As such, the court ruling has been the subject of controversy, with abortion care charities arguing that those in desperate need of an abortion should never be subjected to imprisonment. “We are shocked and appalled by the decision to sentence a mother-of-three to 28 months in prison for using abortion pills to end her own pregnancy,” Clare Murphy, the chief executive of BPAS, said in a statement. “Vulnerable women in the most incredibly difficult of circumstances deserve more from our legal system. In 2020, MPs in Westminster amended the law in Northern Ireland to remove the threat of criminal sanction for any woman who attempted to end their own pregnancy. MPs must extend the same protection so that no more women in these desperate circumstances in the UK are ever threatened with prison again.”
Meanwhile, pro-lifers, believe that the abortion provider should take responsibility for providing an abortion to a woman who was around 8 months pregnant. Right To Life UK said: “The abortion provider BPAS should never have sent abortion pills to this vulnerable woman when her baby was at 32 weeks gestation…” The same pro-lifers have, however, failed to recognise that her three children are now being denied care by their own mother for the 14 months that she will remain in prison.
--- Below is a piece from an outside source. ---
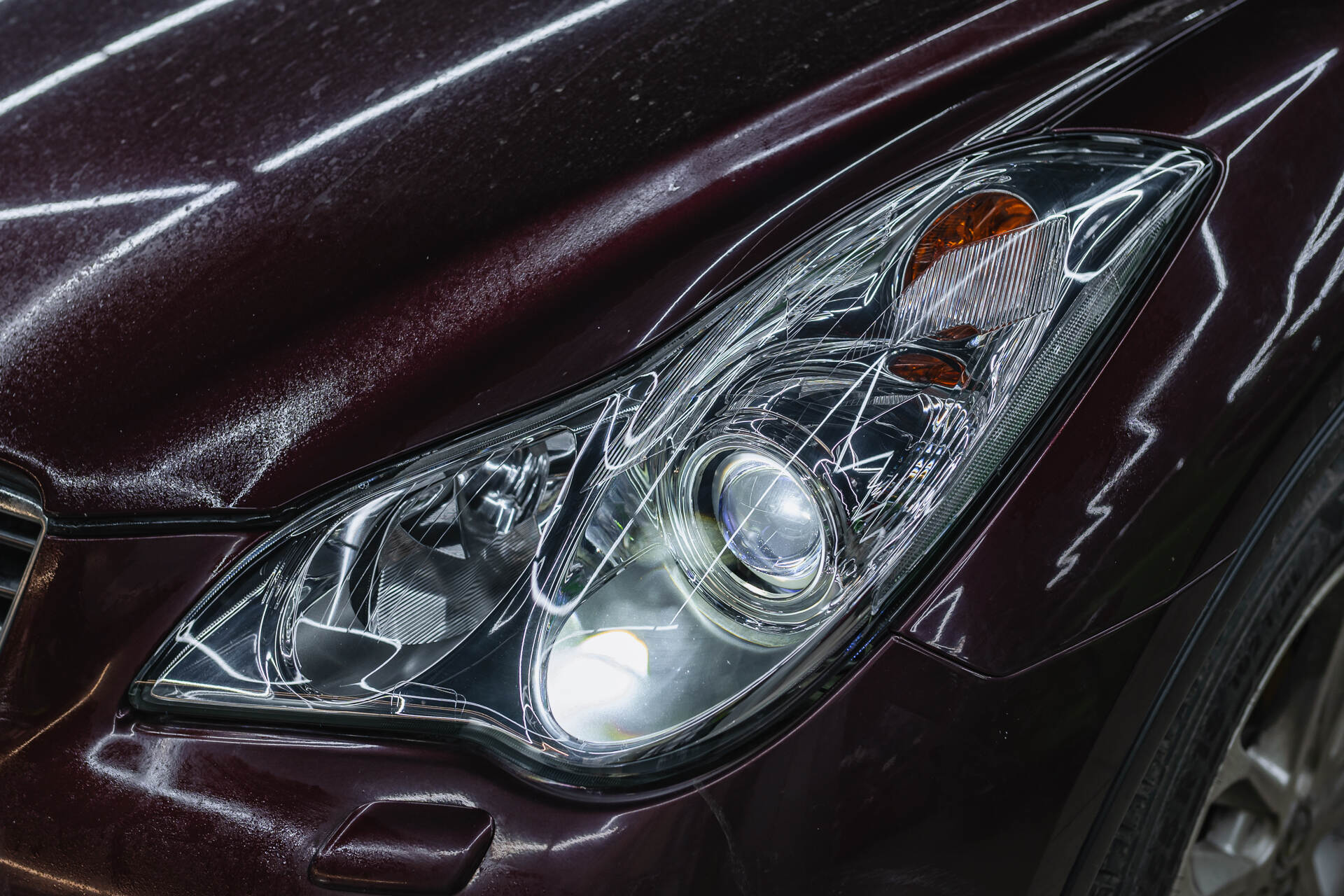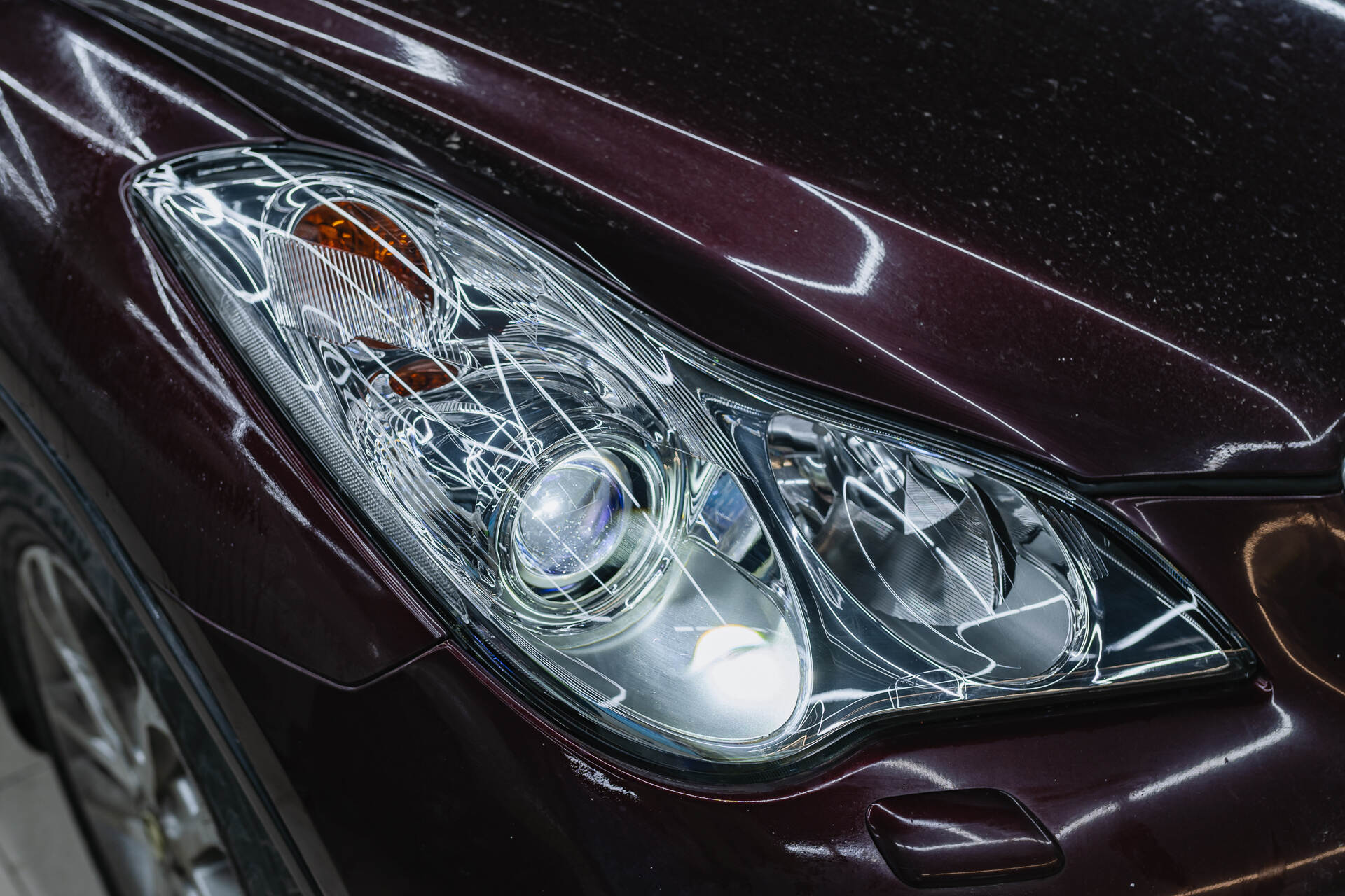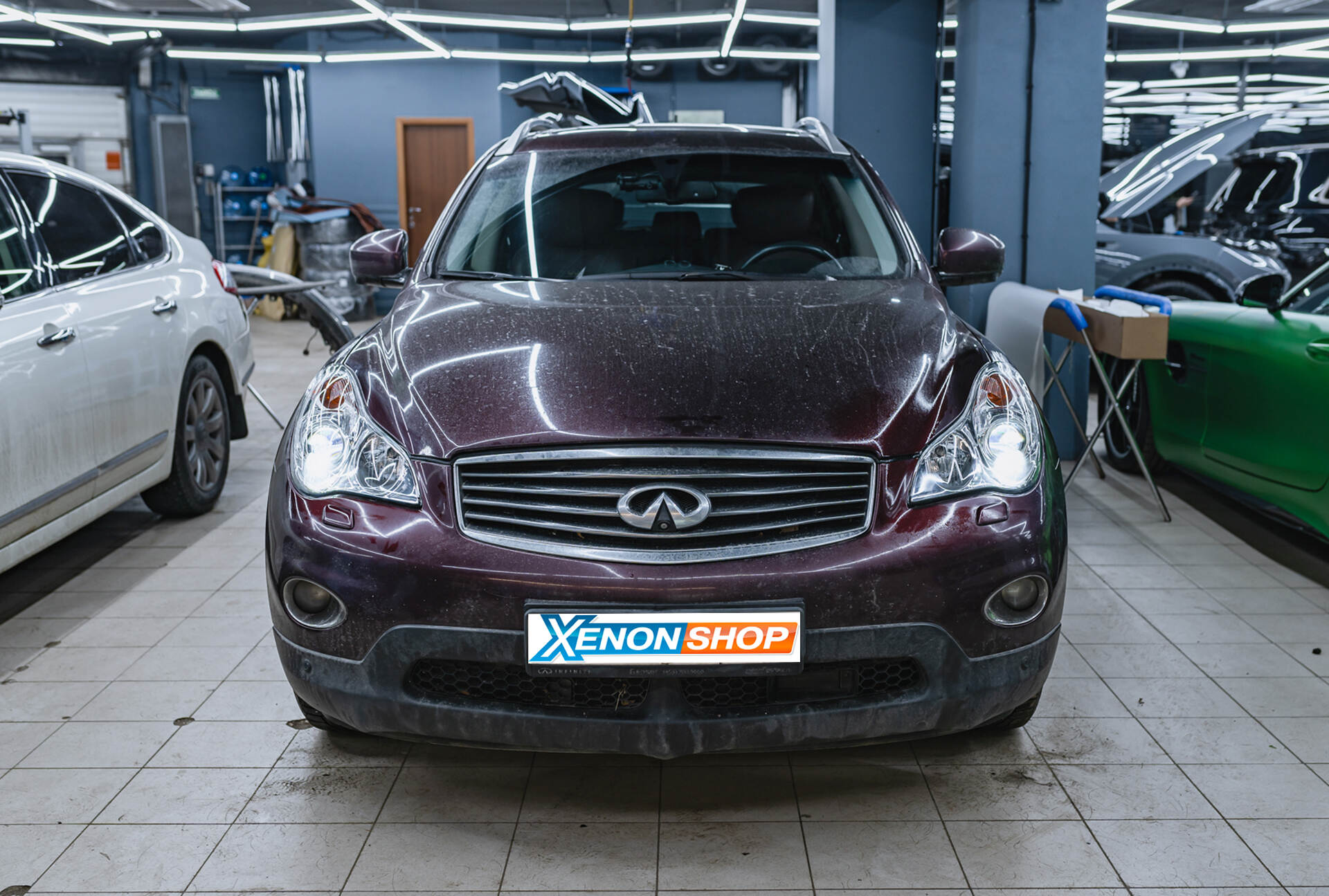 Установили новые биксеноновые линзы в фары автомобиля Infiniti EX25 (2012), а также привели стекла фар в порядок.

“No woman can ever go through this again,” Murphy continued. “In their sentencing remarks, the judge made it that women will only be protected from prosecution if MPs bring forward legal change… Over the last three years, there has been an increase in the numbers of women and girls facing the trauma of lengthy police investigations and threatened with up to life imprisonment under our archaic abortion law.”
Whatever side of the debate you sit on, pregnant people in the UK are still struggling to access contraception due to NHS backlogs, supply issues, and the cost-of-living crisis, which means that the decriminalisation of abortion is needed now more than ever.